Fill lined cupcake pans, about half full and bake until a tester comes out clean. Let cool completely. Now the key here is to have the cupcakes bake to just come up to the top of the cupcake liner, not bake over. Of course, as usual, I was a tad bit generous with the batter, but that's ok!

Now on to making that creamy frosting! This is very simple and you only need a few ingredients, egg whites (at room temperature), sugar, water, cream of tartar and vanilla.

In the bowl of your electric mixer, whisk together sugar, egg whites, water, and cream of tartar until foamy.

Set the bowl on top of a pan of barely simmering water and whisk until the sugar is dissolved and the mixture is warm to the touch.

Move the bowl to your mixer fitted with the whisk attachment, and beat on high speed until frosting forms stiff peaks. Add vanilla and beat until combined.

Transfer the frosting to two large pastry bags fitted with either a large (1/2-inch) plain or open star tip. Leaving a 1/8-inch border on each cupcake, pipe a spiral of frosting into a 2-inch-high cone shape. You want to work fast on this part because if it is warm in the kitchen, the frosting will soften quickly and start to "fall" as you can see on a couple of the cupcakes in the bottom left of the photo. Transfer the cupcakes to a baking sheet, and refrigerate while preparing the chocolate coating.

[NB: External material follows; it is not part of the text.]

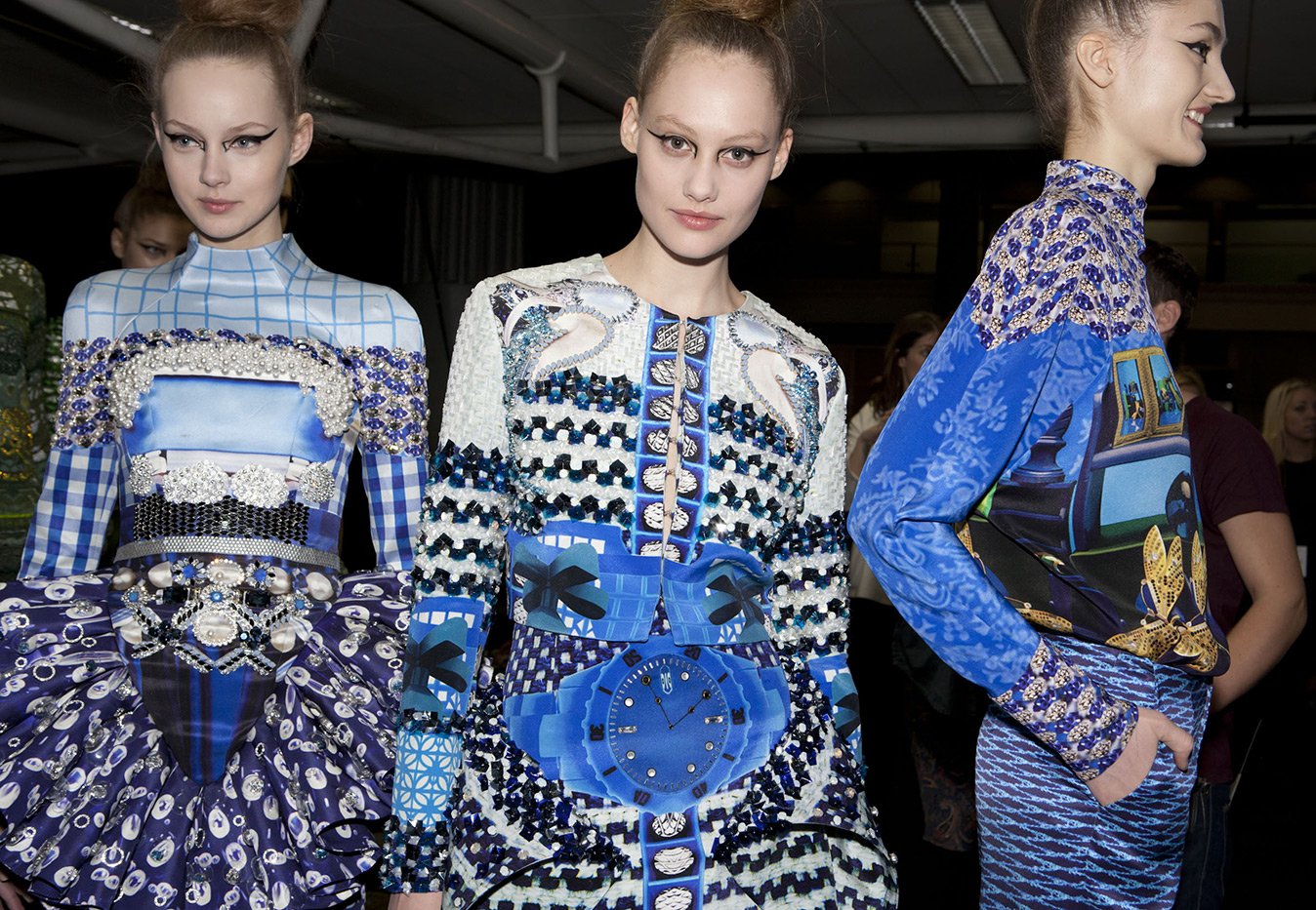 Tous les modèles de la collection sont unis par une seule pièce. Marie peut s'inspirer non seulement des œuvres de Jean Honoré Fragonard, Jean Marc Nattier, Henri Matisse, François Boucher, René Magritte, mais aussi des choses les plus ordinaires. On voit tout ce que l'on veut sur les robes de Mary : téléphones, structures métalliques, vitraux en dentelle ancienne, et même d'étonnantes haies vertes de parcs à l'anglaise. Chacun de nous peut voir quelque chose de différent dans les impressions ...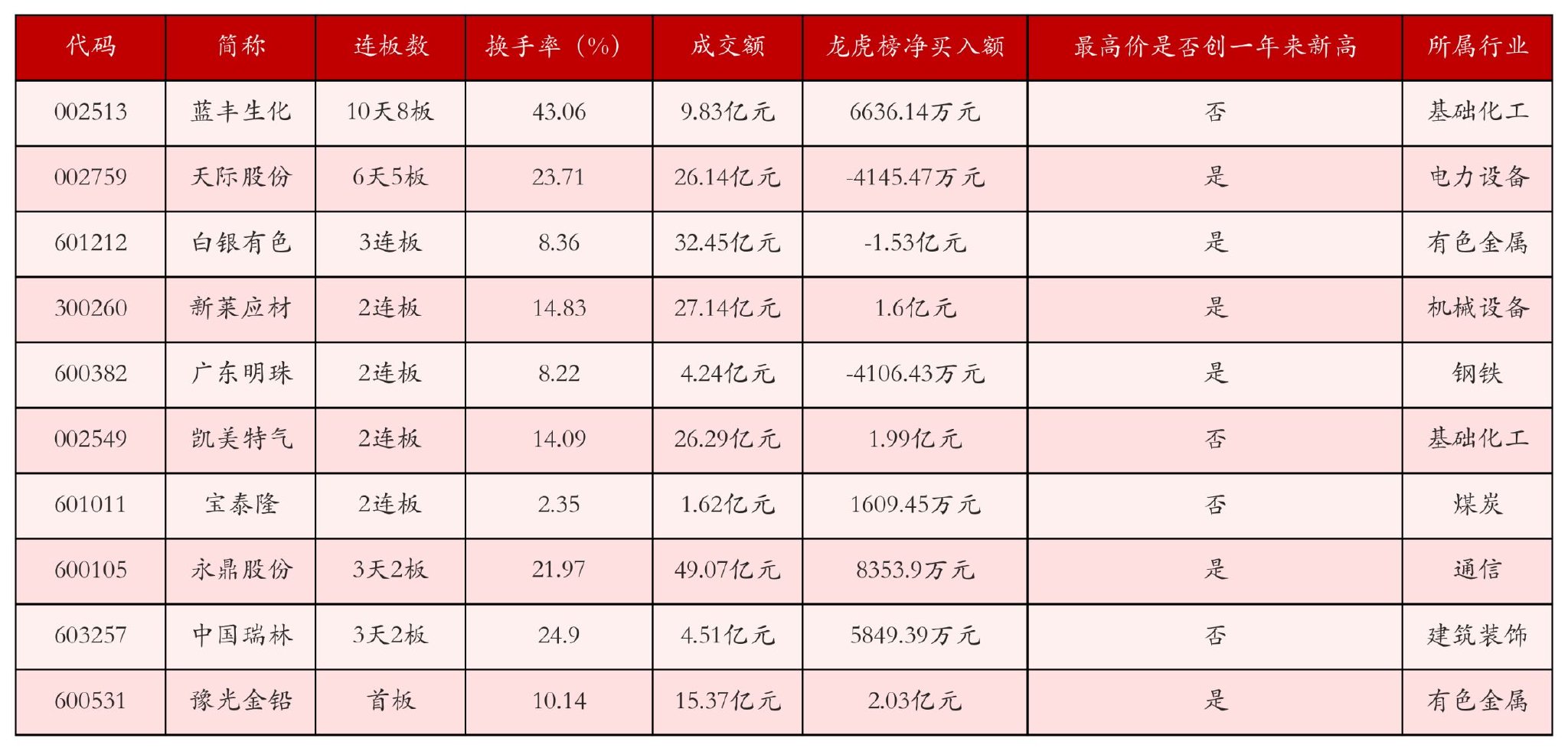 截至10月13日收盘,上证综指下跌0.19%,收于3889.5点,深证成指下跌0.93%,收于13231.47点,创业板指下跌1.11%,收于3078.76点。今日沪深两市A股共计72只涨停,综合当前连板数以及当日龙虎榜数据,其中较为强势的前三只个股分别为:(002513)、(002759)与(601212)。今日强势个股前10位具体数据见下表:

To make the chocolate coating, simple take 24 ounces of chopped semi-sweet chocolate (again, the very best you can get), and 6 tablespoons of safflower oil, placed in a medium sized heat-proof bowl. This chocolate coating is also excellent for dipping strawberries, pretzels, ice cream cones, or anything else you feel like coating in chocolate!!

Set the bowl over a pan of barely simmering water, and stir until melted and smooth.

Transfer the melted chocolate to a small, deep, bowl or container. Let cool for about 15 minutes. Now, again, working quickly, hold each cupcake by its bottom, dip in the chocolate to coat all of the white frosting, allowing excess to drip off. Transfer to a baking sheet. Now the actual recipe states to let the cupcakes stand at room temperature for 15 minutes before refrigerating them, but because of the white frosting softening rather quickly, I skipped this step.

Place the cupcakes on a serving platter, and refrigerate for 30 minutes to let the coating set. Cover and refrigerate for 2 hours more and serve cold! Cupcakes can be refrigerated up to 3 days, but I doubt they'll last that long!!